Catacloud Refactoring and Event Sourcing Challenges

2025-08-03
3 minute read

Today, I finalized the refactoring of Catacloud to incorporate the changes from your epoch. I found some additional modifications were needed, so I updated the interface of the PostgreSQL state store to make it more generic. This is something I've discussed in previous journal entries, and was done to avoid binding the aggregate to one specific table and ID. Now, the PGState interface requires getByID, persist, abstract, and delete methods. The underlying state also doesn't necessarily have to be a PgRow; it could be anything, only the parts of it would need to be persistable in PostgreSQL, potentially across multiple tables. These methods now accept an executor, which allows us to pass in a transaction once they are implemented. Hopefully, this means we won't need to change any state implementations once the transaction implementation is available.

Furthermore, in Catacloud, almost everything now uses event sourcing, except for users. I've added organizations and job configurations as aggregates. I also implemented a saga to compute storage usage.

Event Sourcing Challenges and Race Conditions

While testing, I encountered an interesting, or rather annoying, error in the logs. This saga, which computes storage usage, listens for events from the files aggregate, specifically for "part uploaded" and "file deleted" events. Based on these events, it sends commands to the organization aggregate to update the organization's storage usage.

The issue is a race condition: the handler sends a command, we read the state from the store, apply the events, and then attempt to persist the state. This persistence fails with a "duplicate key" error, or a unique key constraint violation. This indicates that two events with the same version are trying to modify the same thing simultaneously. Since there are no atomic operations to persist the state and events together, this race condition occurs.

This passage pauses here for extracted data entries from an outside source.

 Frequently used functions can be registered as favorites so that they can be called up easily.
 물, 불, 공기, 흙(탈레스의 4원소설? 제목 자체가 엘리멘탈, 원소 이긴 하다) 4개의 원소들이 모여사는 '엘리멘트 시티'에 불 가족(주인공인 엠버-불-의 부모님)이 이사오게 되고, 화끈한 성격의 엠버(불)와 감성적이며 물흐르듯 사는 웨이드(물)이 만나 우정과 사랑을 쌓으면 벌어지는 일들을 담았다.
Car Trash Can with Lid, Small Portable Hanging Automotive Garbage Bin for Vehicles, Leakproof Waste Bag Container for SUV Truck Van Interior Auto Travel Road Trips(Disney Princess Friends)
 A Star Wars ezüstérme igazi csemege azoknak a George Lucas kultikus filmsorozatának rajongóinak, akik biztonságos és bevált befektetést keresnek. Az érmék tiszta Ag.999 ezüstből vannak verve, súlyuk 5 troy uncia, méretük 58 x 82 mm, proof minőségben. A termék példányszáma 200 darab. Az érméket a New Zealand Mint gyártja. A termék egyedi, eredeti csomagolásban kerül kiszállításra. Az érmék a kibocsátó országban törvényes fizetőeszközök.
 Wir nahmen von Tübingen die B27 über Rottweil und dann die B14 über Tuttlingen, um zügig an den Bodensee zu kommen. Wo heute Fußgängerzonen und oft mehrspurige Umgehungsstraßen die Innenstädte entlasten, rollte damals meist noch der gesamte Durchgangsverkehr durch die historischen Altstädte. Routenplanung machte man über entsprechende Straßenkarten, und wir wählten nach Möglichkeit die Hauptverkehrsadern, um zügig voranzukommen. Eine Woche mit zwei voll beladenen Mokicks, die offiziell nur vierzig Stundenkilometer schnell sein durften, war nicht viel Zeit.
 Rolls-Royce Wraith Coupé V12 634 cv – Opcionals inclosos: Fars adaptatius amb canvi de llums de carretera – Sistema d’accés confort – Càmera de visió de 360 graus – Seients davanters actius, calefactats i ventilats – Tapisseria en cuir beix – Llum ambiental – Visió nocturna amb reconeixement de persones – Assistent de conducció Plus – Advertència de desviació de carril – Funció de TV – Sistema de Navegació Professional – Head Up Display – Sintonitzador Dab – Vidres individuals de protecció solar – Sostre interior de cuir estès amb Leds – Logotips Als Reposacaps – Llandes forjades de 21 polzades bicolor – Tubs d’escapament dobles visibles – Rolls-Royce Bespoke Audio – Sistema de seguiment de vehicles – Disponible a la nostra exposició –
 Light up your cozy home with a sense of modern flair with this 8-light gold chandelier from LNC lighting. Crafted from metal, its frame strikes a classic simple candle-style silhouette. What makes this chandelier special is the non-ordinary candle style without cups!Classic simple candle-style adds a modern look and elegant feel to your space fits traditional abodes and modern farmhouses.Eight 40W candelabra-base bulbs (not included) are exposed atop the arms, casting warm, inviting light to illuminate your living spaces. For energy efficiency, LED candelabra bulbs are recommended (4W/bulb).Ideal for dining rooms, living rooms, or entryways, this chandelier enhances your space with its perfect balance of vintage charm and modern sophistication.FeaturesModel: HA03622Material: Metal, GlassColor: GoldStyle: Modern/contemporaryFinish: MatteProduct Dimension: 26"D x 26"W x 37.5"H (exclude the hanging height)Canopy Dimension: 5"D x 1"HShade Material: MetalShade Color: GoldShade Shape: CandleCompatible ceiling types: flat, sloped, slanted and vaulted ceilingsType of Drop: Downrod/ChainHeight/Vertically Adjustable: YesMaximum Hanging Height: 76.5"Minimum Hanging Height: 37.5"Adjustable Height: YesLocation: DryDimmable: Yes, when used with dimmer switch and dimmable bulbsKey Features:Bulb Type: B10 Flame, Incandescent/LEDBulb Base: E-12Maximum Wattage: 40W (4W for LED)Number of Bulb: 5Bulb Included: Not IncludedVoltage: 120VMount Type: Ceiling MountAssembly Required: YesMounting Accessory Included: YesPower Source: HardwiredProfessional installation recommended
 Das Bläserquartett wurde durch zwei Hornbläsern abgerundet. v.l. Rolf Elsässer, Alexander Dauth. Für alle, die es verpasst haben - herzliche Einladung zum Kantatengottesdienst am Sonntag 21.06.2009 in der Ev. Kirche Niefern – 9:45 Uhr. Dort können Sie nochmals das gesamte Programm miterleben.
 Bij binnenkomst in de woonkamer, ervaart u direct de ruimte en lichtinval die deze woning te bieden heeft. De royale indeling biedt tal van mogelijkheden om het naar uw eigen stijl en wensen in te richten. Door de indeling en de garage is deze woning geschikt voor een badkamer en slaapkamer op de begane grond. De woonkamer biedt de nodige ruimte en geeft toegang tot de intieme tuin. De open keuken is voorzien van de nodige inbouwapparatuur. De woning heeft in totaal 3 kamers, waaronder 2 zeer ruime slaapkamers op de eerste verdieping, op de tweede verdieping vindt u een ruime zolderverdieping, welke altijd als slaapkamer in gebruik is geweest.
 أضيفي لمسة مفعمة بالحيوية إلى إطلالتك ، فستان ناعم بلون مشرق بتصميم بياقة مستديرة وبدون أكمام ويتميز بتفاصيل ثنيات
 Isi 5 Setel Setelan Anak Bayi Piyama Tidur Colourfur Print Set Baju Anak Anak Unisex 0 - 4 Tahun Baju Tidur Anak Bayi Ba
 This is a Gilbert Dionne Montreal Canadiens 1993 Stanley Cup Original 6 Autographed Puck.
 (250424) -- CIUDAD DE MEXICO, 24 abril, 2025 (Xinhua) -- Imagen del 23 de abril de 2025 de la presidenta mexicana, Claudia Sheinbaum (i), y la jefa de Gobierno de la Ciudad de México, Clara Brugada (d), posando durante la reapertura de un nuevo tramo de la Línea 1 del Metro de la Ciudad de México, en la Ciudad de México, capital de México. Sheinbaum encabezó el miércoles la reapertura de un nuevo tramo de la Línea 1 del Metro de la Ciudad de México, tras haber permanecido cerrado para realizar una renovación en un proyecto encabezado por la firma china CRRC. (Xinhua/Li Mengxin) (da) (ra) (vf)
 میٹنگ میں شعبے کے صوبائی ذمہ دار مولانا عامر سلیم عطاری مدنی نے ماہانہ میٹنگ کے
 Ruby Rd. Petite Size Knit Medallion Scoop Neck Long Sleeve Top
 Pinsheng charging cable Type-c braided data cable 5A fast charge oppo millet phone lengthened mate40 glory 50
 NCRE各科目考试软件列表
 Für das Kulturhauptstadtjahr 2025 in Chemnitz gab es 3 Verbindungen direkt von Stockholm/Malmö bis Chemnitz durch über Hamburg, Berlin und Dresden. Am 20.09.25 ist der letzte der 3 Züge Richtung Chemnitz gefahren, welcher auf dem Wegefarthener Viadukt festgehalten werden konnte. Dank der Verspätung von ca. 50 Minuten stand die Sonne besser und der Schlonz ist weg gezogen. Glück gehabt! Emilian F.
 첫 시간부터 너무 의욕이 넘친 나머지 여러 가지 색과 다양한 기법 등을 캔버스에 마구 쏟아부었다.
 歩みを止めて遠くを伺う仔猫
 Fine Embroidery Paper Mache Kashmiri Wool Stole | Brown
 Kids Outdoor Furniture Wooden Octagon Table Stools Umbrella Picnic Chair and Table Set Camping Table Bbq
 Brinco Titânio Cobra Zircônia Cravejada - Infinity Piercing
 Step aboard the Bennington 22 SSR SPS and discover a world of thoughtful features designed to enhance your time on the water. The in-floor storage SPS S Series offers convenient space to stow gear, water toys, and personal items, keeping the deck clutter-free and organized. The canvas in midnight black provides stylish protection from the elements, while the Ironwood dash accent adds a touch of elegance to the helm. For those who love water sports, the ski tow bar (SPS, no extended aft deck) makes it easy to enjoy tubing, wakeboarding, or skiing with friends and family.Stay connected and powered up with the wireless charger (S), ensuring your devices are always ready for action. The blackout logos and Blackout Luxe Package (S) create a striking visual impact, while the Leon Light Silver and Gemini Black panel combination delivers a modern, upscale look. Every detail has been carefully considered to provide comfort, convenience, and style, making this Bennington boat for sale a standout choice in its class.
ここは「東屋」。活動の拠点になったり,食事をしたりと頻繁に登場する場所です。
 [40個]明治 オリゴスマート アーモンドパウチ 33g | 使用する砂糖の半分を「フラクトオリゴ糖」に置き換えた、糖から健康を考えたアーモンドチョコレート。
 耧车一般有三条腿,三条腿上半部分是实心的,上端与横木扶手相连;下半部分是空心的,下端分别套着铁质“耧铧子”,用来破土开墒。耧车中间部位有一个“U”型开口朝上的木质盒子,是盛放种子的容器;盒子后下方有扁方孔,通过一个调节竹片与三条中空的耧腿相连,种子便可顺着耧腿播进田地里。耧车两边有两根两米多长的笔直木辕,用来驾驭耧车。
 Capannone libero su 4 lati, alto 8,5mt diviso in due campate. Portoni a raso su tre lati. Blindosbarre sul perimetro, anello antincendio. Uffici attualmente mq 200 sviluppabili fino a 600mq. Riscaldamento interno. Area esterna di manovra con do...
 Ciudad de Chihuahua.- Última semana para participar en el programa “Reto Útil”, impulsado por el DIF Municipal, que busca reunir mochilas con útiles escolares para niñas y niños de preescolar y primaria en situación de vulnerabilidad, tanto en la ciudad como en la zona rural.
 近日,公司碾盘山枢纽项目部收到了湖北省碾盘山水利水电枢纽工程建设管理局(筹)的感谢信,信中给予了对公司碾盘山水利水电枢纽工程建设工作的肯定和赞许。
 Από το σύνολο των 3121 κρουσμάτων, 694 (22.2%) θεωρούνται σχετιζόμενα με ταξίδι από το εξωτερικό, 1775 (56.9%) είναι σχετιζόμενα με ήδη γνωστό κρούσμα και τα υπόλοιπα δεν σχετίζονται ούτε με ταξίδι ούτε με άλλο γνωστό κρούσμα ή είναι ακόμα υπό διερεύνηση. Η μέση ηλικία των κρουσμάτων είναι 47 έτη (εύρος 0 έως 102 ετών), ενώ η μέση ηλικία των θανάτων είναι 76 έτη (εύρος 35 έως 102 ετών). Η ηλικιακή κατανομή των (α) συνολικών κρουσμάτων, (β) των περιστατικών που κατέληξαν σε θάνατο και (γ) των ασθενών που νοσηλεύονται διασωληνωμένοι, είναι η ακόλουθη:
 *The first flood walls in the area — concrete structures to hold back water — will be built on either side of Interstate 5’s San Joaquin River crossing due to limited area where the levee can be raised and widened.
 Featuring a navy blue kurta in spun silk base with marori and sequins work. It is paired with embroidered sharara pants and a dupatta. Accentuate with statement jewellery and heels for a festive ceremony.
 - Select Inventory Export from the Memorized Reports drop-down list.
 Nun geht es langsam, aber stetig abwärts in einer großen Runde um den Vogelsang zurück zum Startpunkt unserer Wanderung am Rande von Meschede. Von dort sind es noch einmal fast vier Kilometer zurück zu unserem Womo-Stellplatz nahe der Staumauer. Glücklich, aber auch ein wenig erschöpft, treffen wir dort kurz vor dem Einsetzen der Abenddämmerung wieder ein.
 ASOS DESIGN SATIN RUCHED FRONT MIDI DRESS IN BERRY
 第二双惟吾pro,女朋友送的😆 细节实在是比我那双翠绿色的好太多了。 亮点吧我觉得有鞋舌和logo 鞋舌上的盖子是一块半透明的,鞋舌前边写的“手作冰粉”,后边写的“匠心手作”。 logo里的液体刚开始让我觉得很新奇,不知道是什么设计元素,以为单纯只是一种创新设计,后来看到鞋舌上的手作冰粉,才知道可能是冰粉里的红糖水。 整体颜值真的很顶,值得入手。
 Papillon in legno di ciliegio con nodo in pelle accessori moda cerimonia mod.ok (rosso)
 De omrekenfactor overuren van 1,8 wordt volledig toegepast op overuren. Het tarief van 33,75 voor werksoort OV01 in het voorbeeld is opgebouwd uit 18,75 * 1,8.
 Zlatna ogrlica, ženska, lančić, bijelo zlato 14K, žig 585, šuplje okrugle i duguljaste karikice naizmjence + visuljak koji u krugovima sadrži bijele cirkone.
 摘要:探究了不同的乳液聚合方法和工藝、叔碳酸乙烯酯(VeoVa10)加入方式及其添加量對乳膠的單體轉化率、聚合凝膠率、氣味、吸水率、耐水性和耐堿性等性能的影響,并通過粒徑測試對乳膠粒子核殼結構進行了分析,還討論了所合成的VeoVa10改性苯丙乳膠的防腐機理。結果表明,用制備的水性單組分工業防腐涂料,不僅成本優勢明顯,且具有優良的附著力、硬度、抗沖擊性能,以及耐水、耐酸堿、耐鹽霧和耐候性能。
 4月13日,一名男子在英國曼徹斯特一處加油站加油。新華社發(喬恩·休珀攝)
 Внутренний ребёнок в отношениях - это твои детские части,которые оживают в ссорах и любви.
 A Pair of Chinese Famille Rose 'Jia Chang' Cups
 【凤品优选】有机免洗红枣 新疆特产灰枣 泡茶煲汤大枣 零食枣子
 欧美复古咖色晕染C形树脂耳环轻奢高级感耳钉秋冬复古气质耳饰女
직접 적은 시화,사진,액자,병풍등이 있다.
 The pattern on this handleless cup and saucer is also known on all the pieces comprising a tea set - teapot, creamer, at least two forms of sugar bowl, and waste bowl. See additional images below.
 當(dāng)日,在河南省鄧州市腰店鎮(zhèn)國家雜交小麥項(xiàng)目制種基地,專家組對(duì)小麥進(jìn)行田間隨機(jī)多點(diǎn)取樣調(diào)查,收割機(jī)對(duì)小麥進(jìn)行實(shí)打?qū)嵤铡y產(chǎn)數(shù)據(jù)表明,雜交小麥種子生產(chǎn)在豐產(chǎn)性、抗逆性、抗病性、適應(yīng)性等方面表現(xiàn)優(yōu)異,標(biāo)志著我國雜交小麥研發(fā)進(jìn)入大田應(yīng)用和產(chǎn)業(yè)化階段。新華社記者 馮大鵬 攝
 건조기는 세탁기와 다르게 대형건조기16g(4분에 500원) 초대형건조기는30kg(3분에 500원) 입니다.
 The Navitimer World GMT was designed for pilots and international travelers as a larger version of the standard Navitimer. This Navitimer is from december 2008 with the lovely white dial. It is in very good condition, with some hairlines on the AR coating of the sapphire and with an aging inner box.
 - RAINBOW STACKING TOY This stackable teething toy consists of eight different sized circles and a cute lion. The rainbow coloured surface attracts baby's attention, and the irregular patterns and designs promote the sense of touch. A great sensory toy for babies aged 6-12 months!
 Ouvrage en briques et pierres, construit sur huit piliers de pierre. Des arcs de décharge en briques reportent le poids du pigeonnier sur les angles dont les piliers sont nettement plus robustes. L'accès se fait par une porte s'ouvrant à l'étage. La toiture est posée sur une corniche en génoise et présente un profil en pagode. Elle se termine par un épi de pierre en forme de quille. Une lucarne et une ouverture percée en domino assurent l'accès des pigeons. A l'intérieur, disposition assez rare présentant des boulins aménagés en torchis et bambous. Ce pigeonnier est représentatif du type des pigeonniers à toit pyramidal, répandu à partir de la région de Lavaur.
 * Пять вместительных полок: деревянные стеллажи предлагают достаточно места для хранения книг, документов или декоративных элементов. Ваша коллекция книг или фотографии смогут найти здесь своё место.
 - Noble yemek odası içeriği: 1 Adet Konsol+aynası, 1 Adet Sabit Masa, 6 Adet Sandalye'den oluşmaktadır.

The solution is to run a transaction between getting the state for the organization and persisting events. This will ensure the version of the events is correct. While this is fixable, it's a bit annoying because I wasn't planning on implementing transactions yet, and it's a significant amount of work given my limited time. This issue has been happening quite consistently, and it's why the storage usage computation is incorrect. The projection that listens for the storage usage event isn't being triggered because the events aren't being persisted. This is a critical issue that needs to be addressed.

Overall, once I fix this, we are moving in the right direction. However, I must admit this whole system is quite complex now. It's entirely event-driven, and we're not calling things directly; instead, we're sending commands and listening to events everywhere. This makes it a lot looser than when you call a function directly, which I believe is one of the main issues with event-driven systems. I'm currently using an in-memory event bus. If I were to use an external event bus, some of these issues would be more apparent due to added latency. These are not trivial problems, but I'm committed to seeing this through.